Why did a mocking library need a telemetry dependency at all?
It didn't — and that's the core lesson. Moq is a unit-testing tool; nothing about mocking interfaces in a test suite requires reading a developer's git email or talking to Azure blob storage. The telemetry arrived because Moq took a dependency on Devlooped.SponsorLink, a separate package built by the same maintainer to serve an unrelated business goal (detecting GitHub Sponsors installs). Nobody consuming Moq chose to install SponsorLink; it arrived transitively, bundled in as an implementation detail of a library people trusted for an entirely different purpose. This is precisely the failure mode that pure "scan your direct dependencies" tooling misses: moq shows up clean in a top-level manifest review, because the concerning behavior lives one hop down, in a package whose name most developers had never heard of and had no reason to audit independently.
What did this reveal about vetting transitive dependencies?
It revealed that trust in a popular package doesn't transfer to whatever that package silently pulls in. Standard dependency review workflows — reading changelogs, checking the top-level package's reputation, glancing at download counts — all would have passed Moq 4.20.0 with flying colors, since 475 million cumulative downloads and a maintained GitHub repo are exactly the signals teams are taught to trust. The actual red flag was behavioral: a build-time process making an unexpected outbound network call and invoking git config for data it had no functional need for. That's not a signature any CVE database would have pattern-matched on the day it shipped, because it wasn't a known-bad indicator yet — it was a new behavior in a trusted package. Catching it requires either watching for behavior divergence between consecutive versions of a dependency, or having deep enough visibility into the dependency graph to notice when a widely-used package quietly adds a network-and-credential-adjacent transitive dependency it didn't have before.
How does this connect to how Safeguard approaches the same class of problem?
Safeguard's deep dependency scanning resolves transitive graphs to depth 100 — well past the roughly 60-level ceiling common in comparable SCA tooling — specifically because incidents like this one live in the packages nobody thought to check, not the one named in the manifest.
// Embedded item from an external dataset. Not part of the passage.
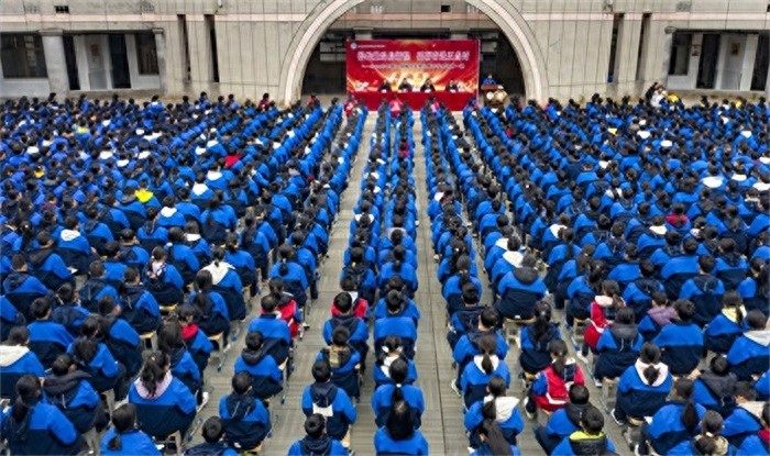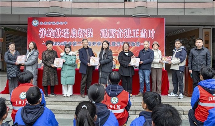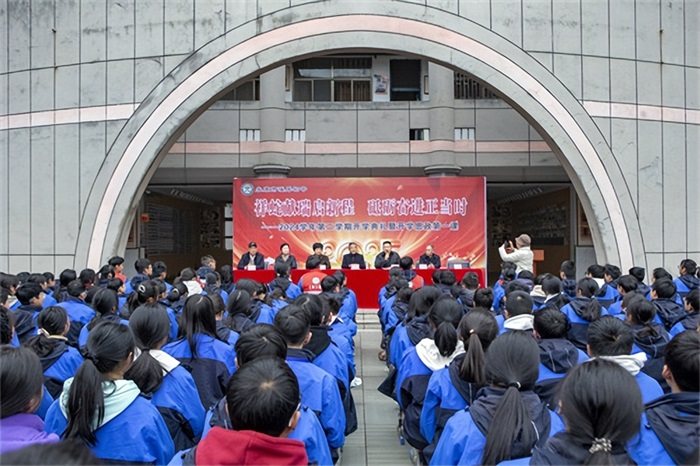 2025年2月14日下午,溪岸初中1700多名师生集中在教学楼前广场,隆重举行开学思政第一课活动。

A scan that stopped at Moq itself would have missed SponsorLink entirely; a scan that walks the full resolved graph surfaces it as a distinct node with its own provenance. Separately, Safeguard's Eagle classification model scores artifacts against indicator classes that include install-script and build-time behavior, egress patterns to unfamiliar hosts, and credential-harvesting signals such as reads from developer-identity sources — the same category of behavior SponsorLink exhibited by shelling out to git config and beaconing outward. Neither capability requires having seen this specific incident before; both are built to flag the behavioral pattern — unexpected build-time network egress paired with local-identity access — that made SponsorLink worth investigating in the first place, regardless of which ecosystem or which maintainer's package it's hiding inside.